Comment se porte le FDES, votre formation politique. Peut-on dire que vous êtes toujours membres de Benno bokk yakaar (BBY) ?
Je pense qu’à toute élection, il y a des accords au niveau des partis. Un accord BBY ou celui dans lequel j’étais avant, Benno Ak Tanor, n’existe que pour une échéance politique. Quand cette échéance est passée, il faut d’autres accords. Notre formation politique travaille à la base à se massifier. Nous comptons devenir à courte échéance, peut être lors des prochaines législatives ou les prochaines présidentielles, la troisième force politique du Sénégal. L’écologie est en train de s’émanciper, il y a énormément de sympathisants. Et quand je vois l’Apr, qui est le parti au pouvoir, ou le Parti socialiste, qui est un ancien parti organisé et structuré, je me dis que ce sont les deux forces politiques qui sont devant nous. Au niveau politique, je pense que nous avons un bel avenir devant nous. Les adhésions sont très importantes. Maintenant vous savez très bien qu’un parti a besoin de moyens. C’est ce nerf de la guerre qui nous fait défaut.
Où comptez-vous trouver les financements nécessaires ?

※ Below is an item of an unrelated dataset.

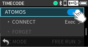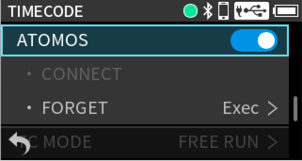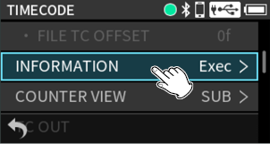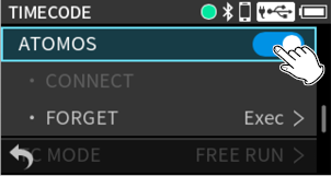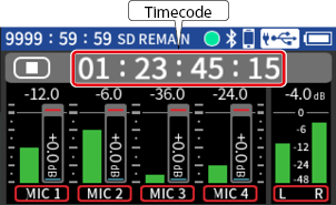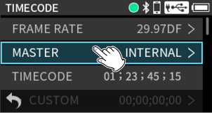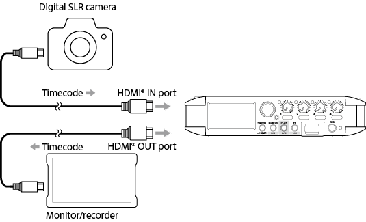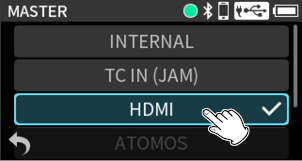 Press the MENU button and set TIMECODE > MASTER to “HDMI”.

Le monde entier prend conscience du dérèglement climatique. Les écologistes de par le monde, tirent la sonnette d’alarme. Il va avoir beaucoup de pays qui vont être rayés de la carte du fait de la montée des océans. La planète est dans une tourmente climatique telle que les déplacements vont être de plus en plus nombreux, les dérèglements pluviométriques seront de plus en plus graves. Il ne faut pas croire que parce qu’on a la volonté, on va changer les choses. Ça va se faire dans le temps. Après Copenhague, Kyoto, Paris, les grands de ce monde vont encore se retrouver pour théoriser autour de l’inaction car ils ne font rien. Lorsqu’une multinationale veut s’installer, elle vient avec des mallettes, elle corrompt qui elle veut. Puis elle a toutes les autorisations du monde et quand vous voulez restaurer l’environnement, vous êtes obligés de quémander et de tendre la main alors que c’est un devoir et un droit. C’est notre présent qui est menacé et non notre avenir. L’homme aujourd’hui prend conscience qu’il est éco-acteur du changement climatique alors qu’en réalité il est éco-prédateur. Lorsqu’il prendra conscience de cela, il sera devenu éco-survivant. Au lieu d’attendre, la solution c’est nous. Concentrons-nous sur la solution.